All values in Cool are objects
To denote a Cool object we us the notation \(X(a_1 = l_1, \ldots, a_n = l_n)\) where
- \(X\) is the dynamic type of the object (type tag)
- \(a_i\) are the attributes (including those inherited)
- \(l_i\) are the locations where the values of the attributes are stored

Cool Values (Continued)

Special cases (without named attributes)
- Int(5)
- Bool(true)
- String(4, "Cool")
There is a special value void that is a member of all types
- No operations can be performed on it
- Except for the test isvoid
- Concrete implementations might use NULL here

Operational Rules

The evaluation judgement is \[E, S \vdash e : v, S'\] read:
- Given \(E\) the current environment
- And \(S\) the current store
- If the evaluation of \(e\) terminates, then
- The returned value is \(v\)
- And the new store is \(S'\)

Notes

The “result” of evaluating an expression is both a value and also a new store
Changes to the store model side-effects, that is, assignments to mutable variables
The variable environment does not change
The operational semantics allows for non-terminating evaluations
We define one rule for each kind of expression

Example Operational Semantics for Base Values

\[\frac{}{so, E, S \vdash true : Bool(true), S}\] \[\frac{}{so, E, S \vdash false : Bool(false), S}\] \[\frac{i \; is \; an \; integer \; literal}{so, E, S \vdash i : Int(i), S}\] \[\frac{s \; is \; an \; string \; literal}{so, E, S \vdash s : String(s), S}\]

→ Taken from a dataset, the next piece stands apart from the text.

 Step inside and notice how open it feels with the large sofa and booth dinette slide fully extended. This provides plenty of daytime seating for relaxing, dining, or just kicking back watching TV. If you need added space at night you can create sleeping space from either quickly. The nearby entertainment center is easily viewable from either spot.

Note: no side effects in these cases
Bool, Int, and String represent type constructors of some sort

Example Operational Semantics of Variable References

\[\frac{\begin{array}{l} E(id) = l_{id} \\ S(l_{id}) = v \end{array} } {so, E, S \vdash id : v, S}\]

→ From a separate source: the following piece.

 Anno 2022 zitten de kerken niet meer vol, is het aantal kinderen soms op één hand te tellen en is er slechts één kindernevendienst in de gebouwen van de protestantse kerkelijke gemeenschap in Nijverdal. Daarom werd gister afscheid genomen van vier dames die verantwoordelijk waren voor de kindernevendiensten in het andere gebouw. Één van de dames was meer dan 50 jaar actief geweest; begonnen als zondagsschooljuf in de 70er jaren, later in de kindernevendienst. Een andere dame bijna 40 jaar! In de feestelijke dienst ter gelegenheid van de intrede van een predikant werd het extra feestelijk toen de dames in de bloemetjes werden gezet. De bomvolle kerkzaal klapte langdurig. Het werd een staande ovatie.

Note the double lookup of variables
- First from name to location (compile time)
- Then from location to value (run time)
The store does not change

Example Operational Semantics of Assignment

\[\frac{\begin{array}{l} so, E, S \vdash e : v, S_1 \\ E(id) = l_{id} \\ S_2 = S_1[v/l_{id}] \end{array} } {so, E, S \vdash id \; \texttt{<-} \; e : v, S_2}\]

A three step process
- Evaluate the right hand side; a value \(v\) and a new store \(S_1\)
- Fetch the location of the assigned variable
- The result is the value \(v\) and an updated store
The environment does not change

Example Operational Semantics of Conditionals

\[\frac{\begin{array}{l} so, E, S \vdash e_1 : Bool(true), S_1 \\ so, E, S_1 \vdash e_2 : v, S_2 \end{array} } {so, E, S \vdash \texttt{if} \; e_1 \; \texttt{then} \; e_2 \; \texttt{else} \; e_3 : v, S_2}\]

The “threading” of the store enforces an evaluation sequence
- \(e_1\) must be evaluated first to produce \(S_1\)
- The \(e_2\) can be evaluated
The result of evaluating \(e_1\) is a boolean
- The typing rules ensure this fact
- There is another similar rule for \(Bool(false)\)

Example Operational Semantics of Sequences

\[\frac{\begin{array}{l} so, E, S \vdash e_1 : v_1, S_1 \\ so, E, S_1 \vdash e_2 : v_2, S_2 \\ \ldots \\ so, E, S_{n-1} \vdash e_n : v_n, S_n \end{array} } {so, E, S \vdash \{ e_1; \ldots; e_n \} : v_n, S_n}\]

Again, the “threading” of the store enforces an evaluation sequence
Only the last value is used
But, all the side-effects are collected

Example Operational Semantics of Loops

\[\frac{so, E, S \vdash e_1 : Bool(false), S_1 } {so, E, S \vdash \texttt{while} \; e_1 \; \texttt{loop} \; e_2 \; \texttt{pool} : void, S_1}\]

If \(e_1\) evaluates to \(Bool(false)\), then the loop terminates immediately
- With the side-effects from the evaluation of \(e_1\)
- And with (arbitrary) result value \(void\)
The typing rules ensure that \(e_1\) evaluates to a boolean

Example Operational Semantics of Loops

\[\frac{\begin{array}{l} so, E, S \vdash e_1 : Bool(true), S_1 \\ so, E, S_1 \vdash e_2 : v, S_2 \\ so, E, S_2 \vdash \texttt{while} \; e_1 \; \texttt{loop} \; e_2 \; \texttt{pool} : void, S_3 \end{array} } {so, E, S \vdash \texttt{while} \; e_1 \; \texttt{loop} \; e_2 \; \texttt{pool} : void, S_3}\]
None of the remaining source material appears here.